Qual è il significato dell’espressione “troppo amore”? Di più, ha davvero un senso una

simile espressione? Rimanda a qualcosa di comprensibile? Può spiegare qualcosa? Rendere ragione di un’azione, di un comportamento, di una scelta? Acquistate un giornale, sfogliatene le pagine di cronaca, soffermatevi sulle notizie. Cercate in Rete. Ancora una volta orientatevi sulla cronaca. Leggete. Vi capiterà di frequente di imbattervi in autentiche atrocità le cui vittime sono quasi sempre donne (mogli, madri, compagne) e i carnefici uomini (compagni, mariti, padri). La ragione di queste tragedie? Il motivo di questi omicidi, il più delle volte meditati, pianificati, preparati con cura?

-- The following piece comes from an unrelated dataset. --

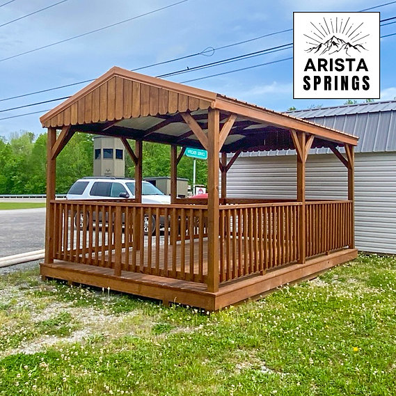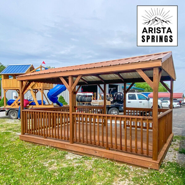 Features: 9′ 6″ Overall Height, 4′ x 4′ Posts, 5/4″ x 6″ Decking, 4″ x 6″ Pressure Treated Runners, 29 Gauge Metal Roof, 3′ Single opening / Walk through, Free Delivery with Blocks​

Il “troppo” amore degli uni (gli uomini) per le altre (le donne), la cui responsabilità, la cui “colpa” (colpa?), è di aver posto fine a una relazione, a un matrimonio. Quell’amore così grande, così forte, così pieno da diventare il suo opposto, da mutarsi in irrefrenabile pulsione di morte. Cosa significa dunque “amare troppo”? Cos’è esattamente questo sentimento che i padri, i mariti, i compagni non riescono più a tollerare nel momento in cui il mondo dov’erano accomodati si spezza? Cos’è di preciso questa passione che impedisce loro di interrogarsi sulla fine di una relazione che immaginavano senza fine, di riflettere sulle loro responsabilità, di accettare la semplice, patente verità che vuole che nulla, nulla ci appartenga mai veramente (non i beni, inerti, che compriamo finché abbiamo la possibilità di farlo e di cui comunque disponiamo solo parzialmente, perché possono andare persi, rompersi prima del tempo, o perché noi, i proprietari, possiamo, d’improvviso, perdere l’interesse che provavamo per loro; e mai, mai le persone, le cui esistenze incrociamo per caso, con cui di continuo ci allacciamo e sciogliamo in quella muta, incessante corrente di fatti che è la vita) e che la sofferenza che inevitabilmente segue la rottura di un rapporto d’amore è per l’appunto qualcosa cui non si può sfuggire? Cos’è questo “troppo” sul quale rigoglioso cresce il velenoso rampicante della vendetta, della morte inflitta con la massima violenza possibile per punire l’altro, l’altra, accusata del peggiore dei peccati: voler decidere da sé cosa fare della propria vita? Cos’è se non una spevantosa mancanza di educazione alla vita stessa? Alla vita come esercizio all’educazione della libertà e della responsabilità che sempre l’accompagna? Alla vita come atto sociale? Alla vita come rispetto, rispetto assoluto, di ogni autoderminazione?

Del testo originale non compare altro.